Kupandangi adikku sementara dia asyik membaca buku pelajarannya sambil komat-kamit. Dipikir-pikir, kondisiku lebih baik daripada Lyana. Aku masih sempat merasakan curhat pada Ibu tentang anak-anak menyebalkan semasa SMP.

Lalu dia pergi sebelum aku lulus. Masa-masa sulit. Aku nyaris nggak lulus. Justru Lyana yang jadi kekuatanku. Kalau aku hancur di depannya, siapa lagi yang bisa dia pegang?

Selamanya aku ingin menjadi kakak terbaik bagi Lyana. Aku ingin memastikan dia mendapat yang terbaik, dan keadaannya selalu baik-baik saja. Dan ini yang nggak dimengerti Ken. Boleh saja dia anak tunggal, tapi aku bukan. Aku ini kakak.

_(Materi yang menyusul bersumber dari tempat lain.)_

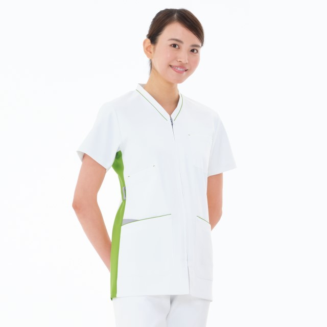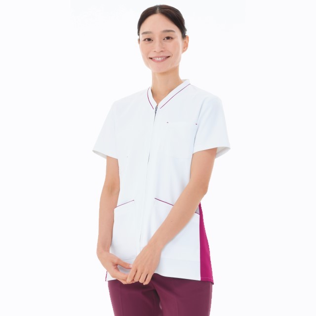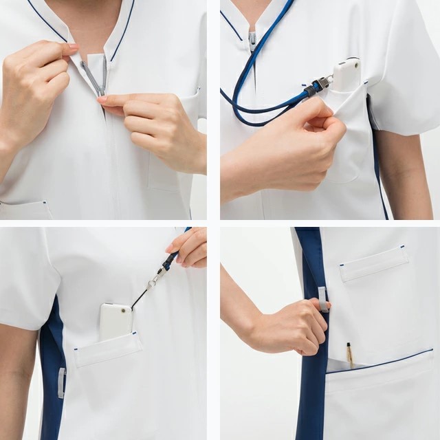 前がファスナー開きの男女兼用スクラブです。ユニバーサルデザインの考え方を取り入れ、すべての機能をカラーで分かりやすくしています。

"Na, kalau aku diterima kerja di Jakarta gimana? Atau di kota lain? Menurutmu?"

Aku ingin dia bilang, 'Aku mau ikut.'

Tapi mata bulan sabit Lyana menatapku heran. Alisnya berkerut pertanda tidak setuju. "Ayah gimana?"

Bukan Lyana namanya kalau nggak mendulukan Ayah daripada diri sendiri.

"Memangnya Kak Lis dipecat?"

"Nggak. Disuruh libur sehari habis capek kemarin semalaman bantuin bos." Ada benarnya, tapi nggak sepenuhnya tepat. Nada Ken menyiratkan dia sudah nggak mau lagi berurusan denganku.

"Kalau gitu, boss Kak Lis baik juga. Habis lembur sampai malam, dikasih cuti sehari!" ucapnya senang. Kupaksakan tersenyum supaya dia nggak curiga.

Aku juga berharap itu benar – bahwa bosku baik.

Tapi jaga-jaga itu tetap perlu, terutama kalau menyangkut hajat hidup kami bertiga.